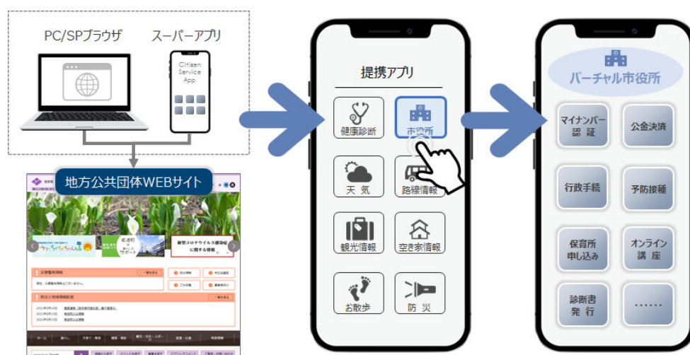
(スーパーアプリ構想イメージ図)

JAPANDXとエルテスは、今回の紫波町との公民連携プロジェクトを経て、全国1,700の地方公共団体を対象に住民総合ポータルアプリを搭載したスーパーアプリの提供を目指し、地域課題の解決に寄与します。
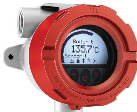
Рисунок 8 - Общий вид преобразователей измерительных серии PR модификации 7501 (выпускается в 2 цветах: красный и синий)
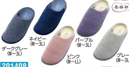
ダークグレー (M~3L) ネイビー (M~3L) パープル (M~3L) ピンク (M~LL) グレー (M~3L)
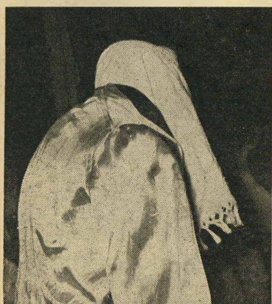
חישך למנצח. עטוף מגבת וגלימה מבריקה, יורד תאקי חפוי ראש מהזירה. מאות הצופים לא האמינו כי נקע את ידו, מיהרו לבדוק אותה במו עיניהם. תאקי התנצל: "זה לא בכוח".
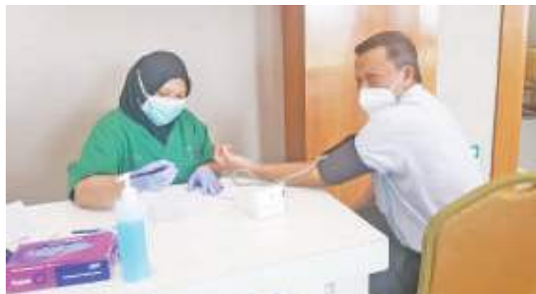
医疗人员为接种者量血压

● ● ● ● ● ● ●

** Activity **
With the pictures omitted, the entries are to be transcribed in full, exactly as they appear.

** Result **
(スーパーアプリ構想イメージ図)

JAPANDXとエルテスは、今回の紫波町との公民連携プロジェクトを経て、全国1,700の地方公共団体を対象に住民総合ポータルアプリを搭載したスーパーアプリの提供を目指し、地域課題の解決に寄与します。
Рисунок 8 - Общий вид преобразователей измерительных серии PR модификации 7501 (выпускается в 2 цветах: красный и синий)
ダークグレー (M~3L) ネイビー (M~3L) パープル (M~3L) ピンク (M~LL) グレー (M~3L)
חישך למנצח. עטוף מגבת וגלימה מבריקה, יורד תאקי חפוי ראש מהזירה. מאות הצופים לא האמינו כי נקע את ידו, מיהרו לבדוק אותה במו עיניהם. תאקי התנצל: "זה לא בכוח".
医疗人员为接种者量血压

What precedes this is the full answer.